▶ **Data shown**:
---
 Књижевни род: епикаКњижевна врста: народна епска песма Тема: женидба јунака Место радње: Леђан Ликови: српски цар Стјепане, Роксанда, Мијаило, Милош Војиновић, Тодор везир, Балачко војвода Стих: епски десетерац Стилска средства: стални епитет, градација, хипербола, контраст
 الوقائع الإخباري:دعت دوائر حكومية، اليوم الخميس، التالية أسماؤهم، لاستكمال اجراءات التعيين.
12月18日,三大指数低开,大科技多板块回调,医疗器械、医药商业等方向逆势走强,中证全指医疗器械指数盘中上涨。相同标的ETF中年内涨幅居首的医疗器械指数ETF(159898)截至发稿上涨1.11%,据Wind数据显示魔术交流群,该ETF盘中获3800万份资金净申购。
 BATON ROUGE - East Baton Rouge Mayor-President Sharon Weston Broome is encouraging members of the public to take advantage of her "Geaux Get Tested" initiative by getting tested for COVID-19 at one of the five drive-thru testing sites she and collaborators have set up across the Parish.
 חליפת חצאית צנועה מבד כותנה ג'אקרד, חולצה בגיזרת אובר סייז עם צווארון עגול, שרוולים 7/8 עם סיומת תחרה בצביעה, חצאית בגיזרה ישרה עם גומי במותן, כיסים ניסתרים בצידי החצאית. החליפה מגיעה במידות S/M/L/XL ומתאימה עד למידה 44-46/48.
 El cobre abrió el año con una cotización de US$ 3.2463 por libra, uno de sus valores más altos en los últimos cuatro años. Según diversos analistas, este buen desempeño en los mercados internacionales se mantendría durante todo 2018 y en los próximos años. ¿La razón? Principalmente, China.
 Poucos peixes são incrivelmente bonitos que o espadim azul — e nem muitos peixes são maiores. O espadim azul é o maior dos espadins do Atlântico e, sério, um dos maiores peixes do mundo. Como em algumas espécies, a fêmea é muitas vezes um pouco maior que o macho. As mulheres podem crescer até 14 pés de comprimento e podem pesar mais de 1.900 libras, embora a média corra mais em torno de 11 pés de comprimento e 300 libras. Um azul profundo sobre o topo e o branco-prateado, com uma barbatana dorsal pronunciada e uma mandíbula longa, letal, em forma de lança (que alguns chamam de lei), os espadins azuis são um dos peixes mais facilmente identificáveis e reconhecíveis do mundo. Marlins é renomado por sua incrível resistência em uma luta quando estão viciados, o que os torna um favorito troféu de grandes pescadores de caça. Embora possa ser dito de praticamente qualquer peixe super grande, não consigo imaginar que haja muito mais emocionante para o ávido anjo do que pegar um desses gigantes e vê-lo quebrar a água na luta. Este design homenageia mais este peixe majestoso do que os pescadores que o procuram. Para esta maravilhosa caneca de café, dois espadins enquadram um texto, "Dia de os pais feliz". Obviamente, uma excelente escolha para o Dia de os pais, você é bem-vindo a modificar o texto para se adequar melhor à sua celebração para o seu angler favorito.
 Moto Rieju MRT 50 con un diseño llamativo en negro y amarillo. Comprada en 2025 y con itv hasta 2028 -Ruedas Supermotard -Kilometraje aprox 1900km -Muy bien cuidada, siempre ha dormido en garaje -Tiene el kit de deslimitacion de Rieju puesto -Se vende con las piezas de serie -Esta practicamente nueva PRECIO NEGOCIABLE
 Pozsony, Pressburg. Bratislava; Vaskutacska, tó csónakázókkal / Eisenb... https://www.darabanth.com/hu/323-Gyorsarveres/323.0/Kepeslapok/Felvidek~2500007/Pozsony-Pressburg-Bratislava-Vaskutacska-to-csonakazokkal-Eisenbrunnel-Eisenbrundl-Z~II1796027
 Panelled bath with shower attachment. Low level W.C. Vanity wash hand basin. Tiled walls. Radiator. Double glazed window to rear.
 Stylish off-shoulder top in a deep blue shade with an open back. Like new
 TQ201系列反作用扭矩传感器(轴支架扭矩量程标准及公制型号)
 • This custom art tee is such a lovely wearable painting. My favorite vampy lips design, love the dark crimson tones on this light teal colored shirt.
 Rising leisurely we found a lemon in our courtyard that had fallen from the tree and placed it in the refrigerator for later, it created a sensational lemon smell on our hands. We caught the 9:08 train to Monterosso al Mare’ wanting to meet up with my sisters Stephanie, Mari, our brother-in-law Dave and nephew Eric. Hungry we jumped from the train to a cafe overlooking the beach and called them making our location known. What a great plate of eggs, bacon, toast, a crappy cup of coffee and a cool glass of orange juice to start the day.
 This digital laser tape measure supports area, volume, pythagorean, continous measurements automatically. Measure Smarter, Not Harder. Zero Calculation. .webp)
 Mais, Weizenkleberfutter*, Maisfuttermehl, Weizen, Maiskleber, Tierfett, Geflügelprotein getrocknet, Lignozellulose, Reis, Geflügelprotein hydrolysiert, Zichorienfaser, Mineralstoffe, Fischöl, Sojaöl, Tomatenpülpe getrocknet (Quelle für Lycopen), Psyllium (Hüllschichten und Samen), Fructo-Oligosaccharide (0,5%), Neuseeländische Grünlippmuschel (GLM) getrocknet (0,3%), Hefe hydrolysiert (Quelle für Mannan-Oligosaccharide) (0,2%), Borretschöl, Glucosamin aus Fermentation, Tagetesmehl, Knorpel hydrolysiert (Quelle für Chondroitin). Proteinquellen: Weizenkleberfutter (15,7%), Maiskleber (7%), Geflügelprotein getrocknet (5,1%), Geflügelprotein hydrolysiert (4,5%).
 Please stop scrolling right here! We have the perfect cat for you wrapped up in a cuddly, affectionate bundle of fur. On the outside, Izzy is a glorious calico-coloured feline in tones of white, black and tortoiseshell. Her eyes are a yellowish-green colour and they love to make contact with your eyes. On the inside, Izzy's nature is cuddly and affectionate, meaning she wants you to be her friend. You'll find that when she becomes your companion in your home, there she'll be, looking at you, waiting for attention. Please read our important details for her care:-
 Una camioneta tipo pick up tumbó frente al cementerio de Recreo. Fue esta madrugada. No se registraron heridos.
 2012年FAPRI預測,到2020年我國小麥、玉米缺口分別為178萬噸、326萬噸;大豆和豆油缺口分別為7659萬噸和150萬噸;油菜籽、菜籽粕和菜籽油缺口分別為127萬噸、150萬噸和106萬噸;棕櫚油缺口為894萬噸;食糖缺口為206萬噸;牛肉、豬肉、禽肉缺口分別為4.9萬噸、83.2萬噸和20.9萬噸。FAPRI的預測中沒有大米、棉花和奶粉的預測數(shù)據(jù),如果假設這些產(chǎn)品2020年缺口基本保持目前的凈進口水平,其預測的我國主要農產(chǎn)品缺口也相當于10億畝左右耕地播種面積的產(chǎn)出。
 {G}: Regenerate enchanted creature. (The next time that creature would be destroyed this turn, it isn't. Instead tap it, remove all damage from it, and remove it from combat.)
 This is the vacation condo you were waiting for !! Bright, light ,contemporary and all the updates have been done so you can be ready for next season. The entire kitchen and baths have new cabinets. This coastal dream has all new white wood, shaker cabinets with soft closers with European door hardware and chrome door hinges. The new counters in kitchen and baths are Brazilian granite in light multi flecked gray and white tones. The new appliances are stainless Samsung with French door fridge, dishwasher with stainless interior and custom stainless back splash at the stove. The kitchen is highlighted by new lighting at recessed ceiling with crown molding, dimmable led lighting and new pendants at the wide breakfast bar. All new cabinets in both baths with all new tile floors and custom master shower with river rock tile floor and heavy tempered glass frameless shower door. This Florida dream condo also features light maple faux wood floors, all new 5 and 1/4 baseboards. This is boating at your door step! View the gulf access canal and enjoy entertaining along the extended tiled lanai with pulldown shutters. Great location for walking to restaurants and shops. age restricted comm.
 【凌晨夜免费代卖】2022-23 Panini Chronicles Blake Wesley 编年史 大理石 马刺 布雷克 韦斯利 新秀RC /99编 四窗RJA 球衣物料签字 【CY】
---
▶ **What you are asked to do**: Each line in the entries above, starting at the line with "teal colored shirt." and ending at the line with "Geflügelprotein hydrolysiert (4,5%).", is to be printed exactly, and only those lines.

▶ **Completed task**:
 • This custom art tee is such a lovely wearable painting. My favorite vampy lips design, love the dark crimson tones on this light teal colored shirt.
 Rising leisurely we found a lemon in our courtyard that had fallen from the tree and placed it in the refrigerator for later, it created a sensational lemon smell on our hands. We caught the 9:08 train to Monterosso al Mare’ wanting to meet up with my sisters Stephanie, Mari, our brother-in-law Dave and nephew Eric. Hungry we jumped from the train to a cafe overlooking the beach and called them making our location known. What a great plate of eggs, bacon, toast, a crappy cup of coffee and a cool glass of orange juice to start the day.
 This digital laser tape measure supports area, volume, pythagorean, continous measurements automatically. Measure Smarter, Not Harder. Zero Calculation. .webp)
 Mais, Weizenkleberfutter*, Maisfuttermehl, Weizen, Maiskleber, Tierfett, Geflügelprotein getrocknet, Lignozellulose, Reis, Geflügelprotein hydrolysiert, Zichorienfaser, Mineralstoffe, Fischöl, Sojaöl, Tomatenpülpe getrocknet (Quelle für Lycopen), Psyllium (Hüllschichten und Samen), Fructo-Oligosaccharide (0,5%), Neuseeländische Grünlippmuschel (GLM) getrocknet (0,3%), Hefe hydrolysiert (Quelle für Mannan-Oligosaccharide) (0,2%), Borretschöl, Glucosamin aus Fermentation, Tagetesmehl, Knorpel hydrolysiert (Quelle für Chondroitin). Proteinquellen: Weizenkleberfutter (15,7%), Maiskleber (7%), Geflügelprotein getrocknet (5,1%), Geflügelprotein hydrolysiert (4,5%).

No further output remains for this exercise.